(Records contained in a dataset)
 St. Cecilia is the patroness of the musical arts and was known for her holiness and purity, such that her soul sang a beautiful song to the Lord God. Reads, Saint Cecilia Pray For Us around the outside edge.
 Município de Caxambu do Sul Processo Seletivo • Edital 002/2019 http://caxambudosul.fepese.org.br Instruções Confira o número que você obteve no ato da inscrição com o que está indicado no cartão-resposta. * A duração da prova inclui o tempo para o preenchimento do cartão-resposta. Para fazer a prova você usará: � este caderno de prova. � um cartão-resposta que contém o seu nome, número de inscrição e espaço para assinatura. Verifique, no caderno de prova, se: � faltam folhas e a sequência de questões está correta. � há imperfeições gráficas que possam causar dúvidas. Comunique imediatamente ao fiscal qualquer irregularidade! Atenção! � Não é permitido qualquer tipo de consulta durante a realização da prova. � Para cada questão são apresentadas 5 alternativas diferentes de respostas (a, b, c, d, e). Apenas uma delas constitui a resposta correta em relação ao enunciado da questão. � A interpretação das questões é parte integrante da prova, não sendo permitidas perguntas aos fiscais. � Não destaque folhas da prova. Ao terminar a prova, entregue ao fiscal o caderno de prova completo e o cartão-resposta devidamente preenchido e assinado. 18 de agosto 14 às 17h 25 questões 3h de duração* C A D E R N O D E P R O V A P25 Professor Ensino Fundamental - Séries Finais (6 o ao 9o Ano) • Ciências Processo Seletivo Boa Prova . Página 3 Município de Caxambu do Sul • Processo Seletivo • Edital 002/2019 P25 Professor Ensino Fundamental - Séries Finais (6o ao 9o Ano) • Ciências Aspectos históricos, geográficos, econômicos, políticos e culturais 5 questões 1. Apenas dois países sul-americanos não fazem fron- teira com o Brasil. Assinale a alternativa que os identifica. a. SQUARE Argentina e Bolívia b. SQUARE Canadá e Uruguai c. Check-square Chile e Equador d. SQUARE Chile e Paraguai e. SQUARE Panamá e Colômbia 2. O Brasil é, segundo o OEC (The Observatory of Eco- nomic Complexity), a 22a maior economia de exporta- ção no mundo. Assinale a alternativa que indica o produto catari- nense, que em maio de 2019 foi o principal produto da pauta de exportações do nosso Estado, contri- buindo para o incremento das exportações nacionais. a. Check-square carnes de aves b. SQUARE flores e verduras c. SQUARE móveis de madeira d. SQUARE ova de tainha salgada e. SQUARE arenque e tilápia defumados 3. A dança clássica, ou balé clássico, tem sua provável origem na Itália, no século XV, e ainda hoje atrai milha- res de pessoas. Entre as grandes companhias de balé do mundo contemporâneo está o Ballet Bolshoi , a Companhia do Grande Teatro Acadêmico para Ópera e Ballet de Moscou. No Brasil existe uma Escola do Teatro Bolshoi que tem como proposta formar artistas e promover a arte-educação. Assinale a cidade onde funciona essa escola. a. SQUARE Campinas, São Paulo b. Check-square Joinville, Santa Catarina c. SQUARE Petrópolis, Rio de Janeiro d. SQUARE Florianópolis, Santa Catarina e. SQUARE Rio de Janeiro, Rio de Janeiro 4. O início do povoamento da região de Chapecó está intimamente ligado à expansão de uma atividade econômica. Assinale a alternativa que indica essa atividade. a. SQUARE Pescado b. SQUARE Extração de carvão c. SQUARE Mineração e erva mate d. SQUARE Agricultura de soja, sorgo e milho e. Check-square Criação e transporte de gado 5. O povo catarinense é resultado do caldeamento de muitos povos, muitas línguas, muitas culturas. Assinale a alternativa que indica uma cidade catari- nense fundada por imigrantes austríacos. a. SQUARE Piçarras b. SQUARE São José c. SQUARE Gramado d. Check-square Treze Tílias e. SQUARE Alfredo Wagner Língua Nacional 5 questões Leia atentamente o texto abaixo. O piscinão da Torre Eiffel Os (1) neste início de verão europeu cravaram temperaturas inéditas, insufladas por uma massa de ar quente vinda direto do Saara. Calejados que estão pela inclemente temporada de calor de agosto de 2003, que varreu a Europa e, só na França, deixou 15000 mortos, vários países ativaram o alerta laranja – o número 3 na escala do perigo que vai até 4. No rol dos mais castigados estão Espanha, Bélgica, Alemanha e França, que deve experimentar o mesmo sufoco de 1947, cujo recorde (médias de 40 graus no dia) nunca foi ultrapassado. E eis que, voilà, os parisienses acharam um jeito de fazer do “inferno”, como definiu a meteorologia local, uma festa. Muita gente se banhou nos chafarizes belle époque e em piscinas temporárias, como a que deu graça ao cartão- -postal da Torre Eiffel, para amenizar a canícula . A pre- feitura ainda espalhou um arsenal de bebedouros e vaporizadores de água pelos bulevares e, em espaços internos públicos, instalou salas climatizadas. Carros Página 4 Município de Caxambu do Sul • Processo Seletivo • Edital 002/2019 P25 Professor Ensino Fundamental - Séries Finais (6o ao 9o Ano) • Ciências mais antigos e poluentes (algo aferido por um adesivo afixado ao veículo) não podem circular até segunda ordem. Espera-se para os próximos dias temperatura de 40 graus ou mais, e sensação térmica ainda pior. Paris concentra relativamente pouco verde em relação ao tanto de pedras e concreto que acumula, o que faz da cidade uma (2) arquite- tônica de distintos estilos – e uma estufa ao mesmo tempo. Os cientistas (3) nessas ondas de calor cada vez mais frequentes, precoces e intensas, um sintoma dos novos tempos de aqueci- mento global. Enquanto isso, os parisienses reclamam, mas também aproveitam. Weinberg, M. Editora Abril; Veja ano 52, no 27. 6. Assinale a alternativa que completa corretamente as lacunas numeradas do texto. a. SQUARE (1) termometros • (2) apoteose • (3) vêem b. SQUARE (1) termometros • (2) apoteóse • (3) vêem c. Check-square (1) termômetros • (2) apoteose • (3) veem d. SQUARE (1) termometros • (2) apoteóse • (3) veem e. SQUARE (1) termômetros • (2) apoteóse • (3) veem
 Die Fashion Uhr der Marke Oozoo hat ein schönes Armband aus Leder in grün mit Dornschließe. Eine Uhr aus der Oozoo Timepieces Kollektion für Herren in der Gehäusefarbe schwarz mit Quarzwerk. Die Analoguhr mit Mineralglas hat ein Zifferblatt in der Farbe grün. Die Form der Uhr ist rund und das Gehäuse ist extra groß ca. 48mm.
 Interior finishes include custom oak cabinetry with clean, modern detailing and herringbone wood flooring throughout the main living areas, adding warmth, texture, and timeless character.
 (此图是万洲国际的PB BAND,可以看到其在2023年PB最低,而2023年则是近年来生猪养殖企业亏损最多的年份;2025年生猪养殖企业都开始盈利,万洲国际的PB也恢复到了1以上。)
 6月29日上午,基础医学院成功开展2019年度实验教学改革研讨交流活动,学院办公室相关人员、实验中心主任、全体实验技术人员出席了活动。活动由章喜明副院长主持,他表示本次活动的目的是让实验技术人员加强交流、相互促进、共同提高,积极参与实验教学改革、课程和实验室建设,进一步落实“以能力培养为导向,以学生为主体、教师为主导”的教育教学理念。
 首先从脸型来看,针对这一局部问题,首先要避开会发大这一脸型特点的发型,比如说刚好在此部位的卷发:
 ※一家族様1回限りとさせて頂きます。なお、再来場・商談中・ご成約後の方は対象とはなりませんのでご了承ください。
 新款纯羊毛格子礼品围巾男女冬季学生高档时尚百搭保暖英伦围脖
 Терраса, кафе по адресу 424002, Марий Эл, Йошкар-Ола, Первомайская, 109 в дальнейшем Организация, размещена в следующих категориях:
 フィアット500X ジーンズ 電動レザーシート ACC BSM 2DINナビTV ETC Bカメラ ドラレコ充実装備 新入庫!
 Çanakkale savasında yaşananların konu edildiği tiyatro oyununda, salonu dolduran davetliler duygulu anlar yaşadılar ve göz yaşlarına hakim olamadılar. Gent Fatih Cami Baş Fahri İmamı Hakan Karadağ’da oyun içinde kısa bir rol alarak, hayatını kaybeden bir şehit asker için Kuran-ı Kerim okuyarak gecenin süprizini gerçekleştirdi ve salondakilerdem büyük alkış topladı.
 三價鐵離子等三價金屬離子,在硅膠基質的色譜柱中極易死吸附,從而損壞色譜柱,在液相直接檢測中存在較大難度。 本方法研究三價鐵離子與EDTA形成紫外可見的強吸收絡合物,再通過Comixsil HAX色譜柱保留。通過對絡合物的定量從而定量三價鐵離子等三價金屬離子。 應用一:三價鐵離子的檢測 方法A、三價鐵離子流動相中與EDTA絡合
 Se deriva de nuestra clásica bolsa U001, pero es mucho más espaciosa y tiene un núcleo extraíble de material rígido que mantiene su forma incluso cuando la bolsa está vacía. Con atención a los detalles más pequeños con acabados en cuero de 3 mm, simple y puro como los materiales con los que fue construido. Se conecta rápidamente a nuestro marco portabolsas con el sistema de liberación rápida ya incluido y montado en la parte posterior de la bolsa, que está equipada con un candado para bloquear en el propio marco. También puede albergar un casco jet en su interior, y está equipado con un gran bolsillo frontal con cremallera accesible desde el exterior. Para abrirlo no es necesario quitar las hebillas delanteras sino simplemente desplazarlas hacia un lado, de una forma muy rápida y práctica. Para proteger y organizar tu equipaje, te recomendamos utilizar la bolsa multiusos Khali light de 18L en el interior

Exercise description:
Starting at the line that contains "Терраса, кафе по" and stopping after the line that contains "Çanakkale savasında yaşananların", write out every line exactly as it appears above, and no other line.

Worked solution:
 Терраса, кафе по адресу 424002, Марий Эл, Йошкар-Ола, Первомайская, 109 в дальнейшем Организация, размещена в следующих категориях:
 フィアット500X ジーンズ 電動レザーシート ACC BSM 2DINナビTV ETC Bカメラ ドラレコ充実装備 新入庫!
 Çanakkale savasında yaşananların konu edildiği tiyatro oyununda, salonu dolduran davetliler duygulu anlar yaşadılar ve göz yaşlarına hakim olamadılar. Gent Fatih Cami Baş Fahri İmamı Hakan Karadağ’da oyun içinde kısa bir rol alarak, hayatını kaybeden bir şehit asker için Kuran-ı Kerim okuyarak gecenin süprizini gerçekleştirdi ve salondakilerdem büyük alkış topladı.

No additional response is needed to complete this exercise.